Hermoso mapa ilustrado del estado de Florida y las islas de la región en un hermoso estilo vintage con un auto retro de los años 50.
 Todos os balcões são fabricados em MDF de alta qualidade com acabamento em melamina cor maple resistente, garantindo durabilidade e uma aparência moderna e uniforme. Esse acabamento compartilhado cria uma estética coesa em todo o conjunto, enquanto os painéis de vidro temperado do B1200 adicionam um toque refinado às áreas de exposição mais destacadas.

* * *

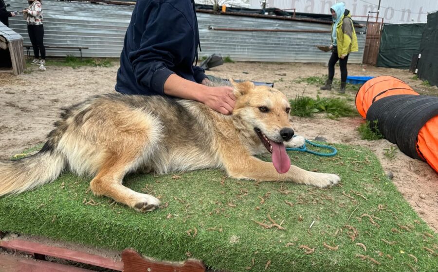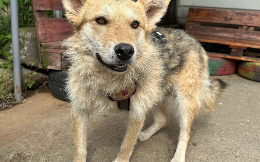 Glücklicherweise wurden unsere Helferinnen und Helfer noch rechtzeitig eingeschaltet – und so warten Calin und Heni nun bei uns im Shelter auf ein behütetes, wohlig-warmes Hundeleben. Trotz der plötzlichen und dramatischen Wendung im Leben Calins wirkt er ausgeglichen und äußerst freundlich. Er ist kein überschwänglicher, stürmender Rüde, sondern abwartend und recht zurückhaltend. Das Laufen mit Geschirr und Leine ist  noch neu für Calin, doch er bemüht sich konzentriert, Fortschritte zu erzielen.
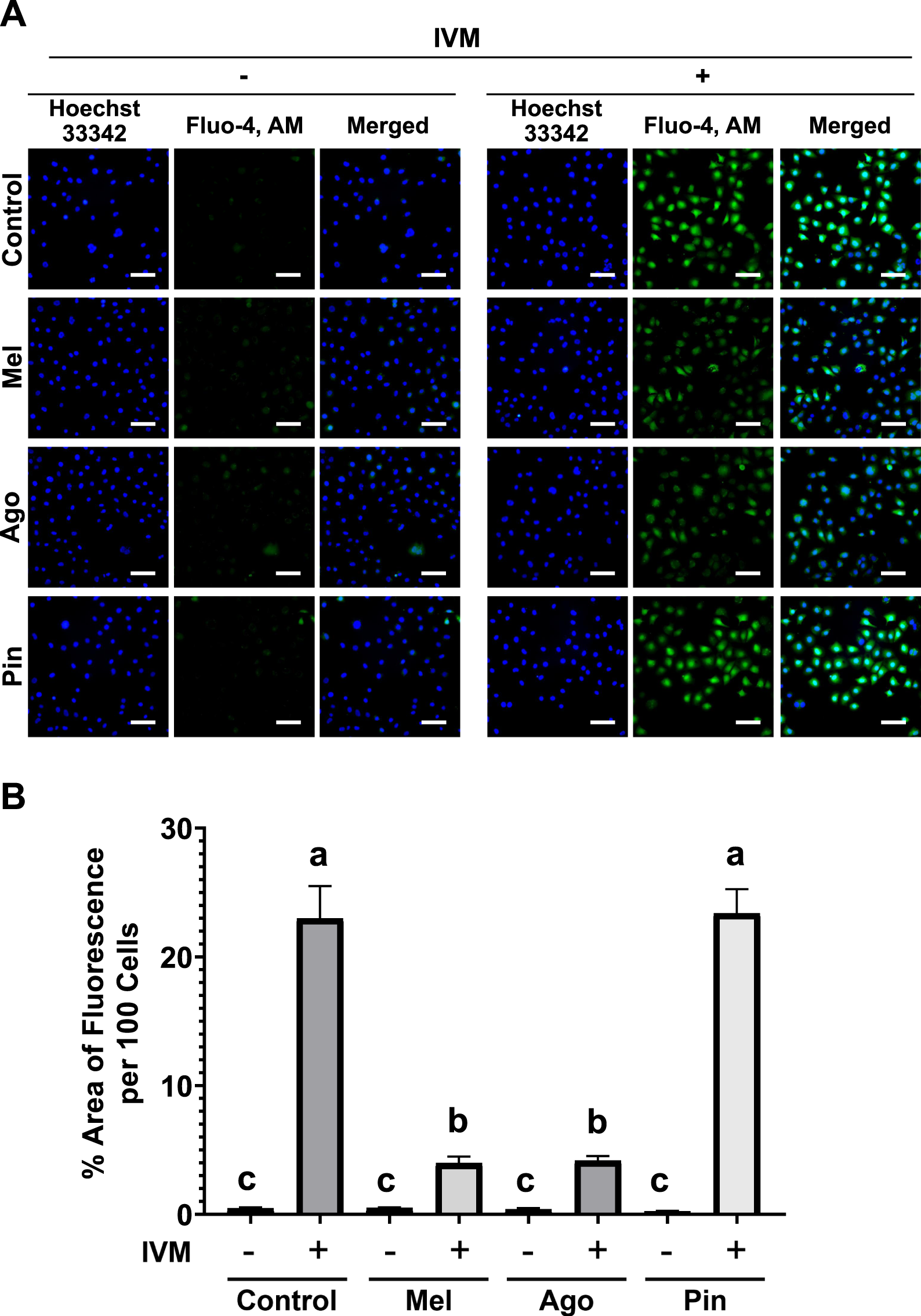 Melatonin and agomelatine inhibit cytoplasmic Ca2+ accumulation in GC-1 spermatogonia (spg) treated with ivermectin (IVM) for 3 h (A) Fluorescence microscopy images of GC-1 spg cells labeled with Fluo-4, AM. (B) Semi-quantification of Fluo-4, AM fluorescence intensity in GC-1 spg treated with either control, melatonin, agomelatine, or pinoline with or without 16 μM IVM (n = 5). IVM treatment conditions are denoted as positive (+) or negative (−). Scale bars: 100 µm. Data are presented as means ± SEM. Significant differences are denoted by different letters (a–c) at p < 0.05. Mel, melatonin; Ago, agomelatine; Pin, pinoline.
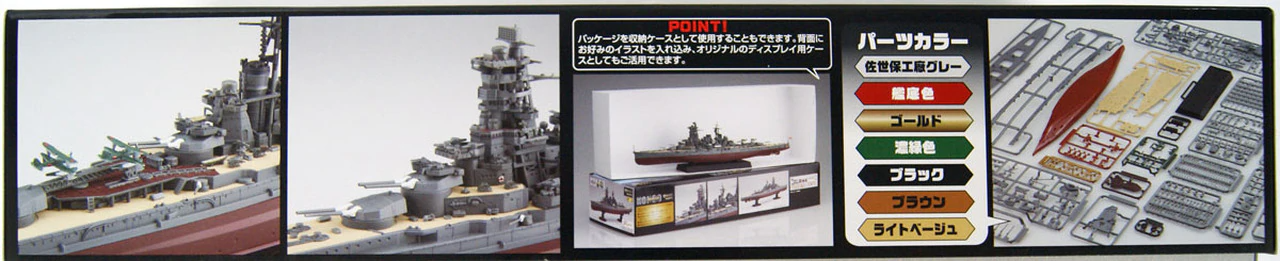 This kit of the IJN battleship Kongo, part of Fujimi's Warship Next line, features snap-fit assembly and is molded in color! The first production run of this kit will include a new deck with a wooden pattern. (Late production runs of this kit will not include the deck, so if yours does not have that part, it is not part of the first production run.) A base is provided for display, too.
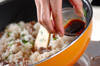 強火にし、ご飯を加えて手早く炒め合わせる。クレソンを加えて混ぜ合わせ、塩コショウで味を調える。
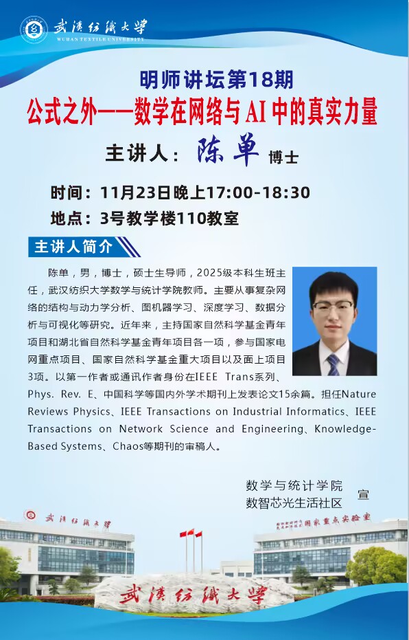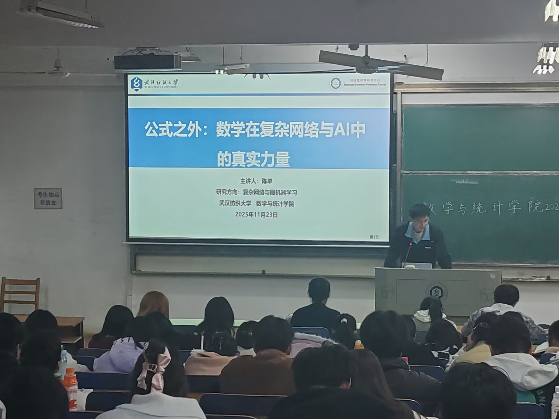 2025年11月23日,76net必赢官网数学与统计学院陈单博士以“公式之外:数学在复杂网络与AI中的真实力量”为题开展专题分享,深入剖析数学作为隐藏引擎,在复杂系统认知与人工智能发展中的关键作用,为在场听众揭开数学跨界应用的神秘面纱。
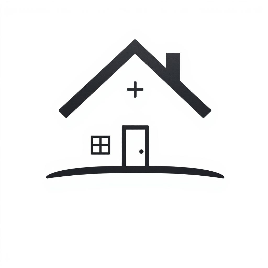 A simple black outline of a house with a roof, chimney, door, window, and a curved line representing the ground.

**Problem to work on:** Word for word, repeat the lines above from the one with "2025年11月23日,76" through the one with "A simple black", and nothing beyond them. Omit the pictures.

**Written solution:**
 2025年11月23日,76net必赢官网数学与统计学院陈单博士以“公式之外:数学在复杂网络与AI中的真实力量”为题开展专题分享,深入剖析数学作为隐藏引擎,在复杂系统认知与人工智能发展中的关键作用,为在场听众揭开数学跨界应用的神秘面纱。
 A simple black outline of a house with a roof, chimney, door, window, and a curved line representing the ground.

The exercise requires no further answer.